In order to significantly improve the AUR, as well as overcome the shortcomings of the above methods, a multi-exposure imaging approach was proposed in the authors’ previous research [40,41]. N times of short exposure can be adaptively inserted into one normal exposure period according to the angular velocity of the carrier, so that the star spots at N moments can be recorded in a single star image. When the star tracking and attitude calculation are carried out according to N moments, respectively, the attitude information corresponding to N moments can be obtained, which is equivalent to increasing the AUR by N times. However, due to multiple exposures, serious noises and false objects are also introduced in the star image, which is not conducive to practical applications. For this reason, this paper proposes a star centroid extraction method based on Kalman Filter. It has a significant effect on removing false objects and improving the centroid accuracy, thus benefiting the practical application of the multi-exposure imaging star sensor (MEISS).

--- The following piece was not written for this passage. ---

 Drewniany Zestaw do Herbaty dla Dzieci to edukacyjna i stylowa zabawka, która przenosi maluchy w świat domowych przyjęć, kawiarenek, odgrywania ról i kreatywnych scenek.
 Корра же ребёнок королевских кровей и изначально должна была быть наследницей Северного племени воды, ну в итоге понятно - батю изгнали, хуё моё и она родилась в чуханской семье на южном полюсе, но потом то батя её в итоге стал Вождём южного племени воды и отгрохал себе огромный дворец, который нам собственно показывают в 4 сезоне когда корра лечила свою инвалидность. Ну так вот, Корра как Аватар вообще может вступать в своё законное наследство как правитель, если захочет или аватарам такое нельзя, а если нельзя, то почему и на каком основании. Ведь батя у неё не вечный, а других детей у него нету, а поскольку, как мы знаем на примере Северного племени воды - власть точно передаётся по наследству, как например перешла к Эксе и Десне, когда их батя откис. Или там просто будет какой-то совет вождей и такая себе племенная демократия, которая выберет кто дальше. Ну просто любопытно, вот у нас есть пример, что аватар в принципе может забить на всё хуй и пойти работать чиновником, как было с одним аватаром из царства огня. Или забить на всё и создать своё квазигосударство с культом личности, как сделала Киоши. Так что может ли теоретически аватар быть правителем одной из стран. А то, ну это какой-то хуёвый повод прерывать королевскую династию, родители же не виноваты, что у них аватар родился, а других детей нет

The remainder of this paper is organized as follows. Section 2 details the principle of the high-accuracy star centroid extraction method, including the star point prediction windows, centroiding, and Kalman Filter. Both simulations and experiments in Section 3 are conducted to demonstrate the feasibility and effectiveness of the proposed method. Section 4 describes the discussion of the simulated and experimental results. Finally, conclusions are drawn in Section 5.

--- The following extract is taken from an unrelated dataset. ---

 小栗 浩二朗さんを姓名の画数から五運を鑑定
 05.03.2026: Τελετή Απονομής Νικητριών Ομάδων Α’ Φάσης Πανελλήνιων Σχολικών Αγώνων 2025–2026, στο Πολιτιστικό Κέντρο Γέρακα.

2. Principle of High Accuracy Star Centroid Extraction Method

As described in the authors’ previous research [40], the multi-exposure imaging approach can be adopted to improve the star sensor’s AUR by N times. Nevertheless, due to the multiple exposures of an image detector, more severe imaging noises, as well as more fake star points, will be inevitably introduced into the whole star image. This is unfavorable for the accurate centroid extraction of true star points, thus affecting the MEISS’s accuracy. To ensure the MEISS’s effective application, this study proposes a high-accuracy star centroid extraction method based on Kalman Filter, which is illustrated in Figure 1.

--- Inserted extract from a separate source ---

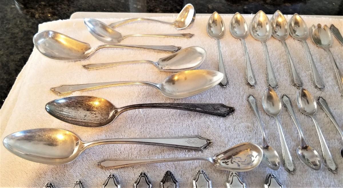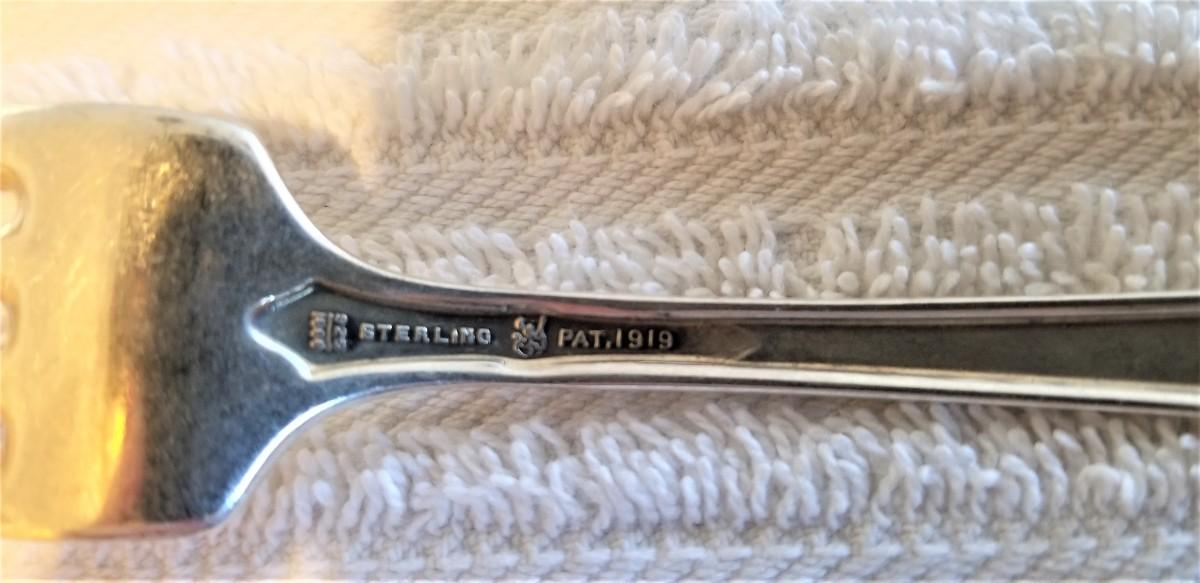 You get all you see here. The design was patented in 1919 and bears a "B" monogram. Total weight is 49.8 Troy Oz. Opening bid is just about the scrap price for this set. 8 knives, 6 forks, 8 salad forks, 8 teaspoons, 5 demitasse spoons, 7 Ice cream forks, 3 iced tea spoons, 3 serving spoons, 5 grapefruit spoons, 1 small ladle, 1 jam spoon, 1 pierced spoon, and 2 serving pieces (a larger and a smaller) that look like shovels. All in good antique condition.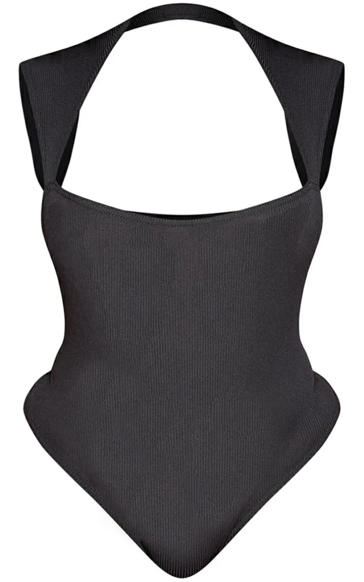 Say hello to your new season staple with this plus black rib cut out bodysuit. This bodysuit is brought to you in a black ribbed material with a cut-out design, how could you say no? From day to night this bodysuit will have you looking totally on-trend. Style effortlessly with stone jeans, high heels and gold accessories for a look that will turn heads for all the right reasons.

As shown in Figure 1, the proposed star centroid extraction method can be divided into three parts, i.e., star point prediction windows, centroiding, and Kalman Filter. Firstly, the star point prediction windows are generated by combining the fine centroids of the star spots in the former star image, as well as the complete motion parameters X(t) (including the angular velocity ω(t) and angular acceleration α(t)) [41]. The current star image will be processed by the star point prediction windows and then only the star points within the prediction windows can be transmitted to the next step. Secondly, the classic centroid method is used to calculate the centroids of the above star points. These centroids inevitably include many image noises and thus are just coarse centroids. Lastly, the coarse centroids are, respectively, processed by each Kalman Filter to filter the image noises and thus fine centroids are obtained. By using the fine centroids, both the attitude matrix and complete motion parameters can be estimated as the final output information. Meanwhile, the current fine centroids and complete motion parameters can be utilized to generate the next star point prediction windows. Therefore, the high-accuracy star centroid extraction can be constantly realized in such circulation.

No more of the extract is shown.